- Genre: Space combat simulation
- Developers: LucasArts Totally Games
- Publishers: LucasArts Disney Interactive Studios
- Platforms: MS-DOS, Classic Mac OS, Windows, Linux
- First release: Star Wars: X-Wing February 1993
- Latest release: Star Wars: X-Wing Alliance February 28, 1999
- Parent series: Star Wars video games

= Star Wars: X-Wing (video game series) =

Star Wars: X-Wing is a series of space combat simulation video games based in the Star Wars media franchise. The series began with Star Wars: X-Wing released in 1993 for MS-DOS. The games simulate the fictional experience of starfighter combat, while remaining faithful to the movies. The player takes the role of a pilot of the Rebel Alliance, and, in later games, the Galactic Empire. To complete the games, players must complete missions such as simple dogfights with opposition starfighters, reconnaissance and inspection tasks, escort duty for freighters or capital ships, or attacks on larger opposition ships. In addition to dogfighting designed to resemble the free-wheeling duels of World War I, the player must also manage power resources and wingmen.

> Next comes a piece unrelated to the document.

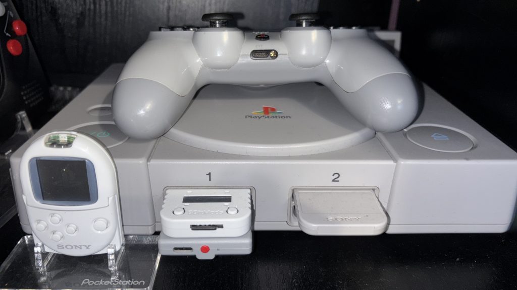 Output is handled by a RAD2x cable and the controller of choice is a 20th Anniversary Dual Shock 4 controller connected via an 8Bitdo Bluetooth receiver. I also use a MemCard Pro and have a PocketStation for no real reason!

LucasArts later released the Star Wars: Rogue Squadron series which also feature the X-wing fighter however these are arcade-style action video games geared towards consoles with their gamepads, in contrast to the X-Wing series which are traditional flight simulators for the PC which is meant to be played with a joystick.

In 2020, Electronic Arts and EA Motive released Star Wars: Squadrons, another arcade-style action video game that included multiplayer and virtual reality features.

== Games ==
The first game in the series, Star Wars: X-Wing, and the last, X-Wing Alliance, feature as their concluding missions recreations of the attacks on the first and second Death Star, respectively, and are also named after the eponymous vessel. In 1994, X-Wing won the Origins Award for Best Fantasy or Science Fiction Computer Game of 1993.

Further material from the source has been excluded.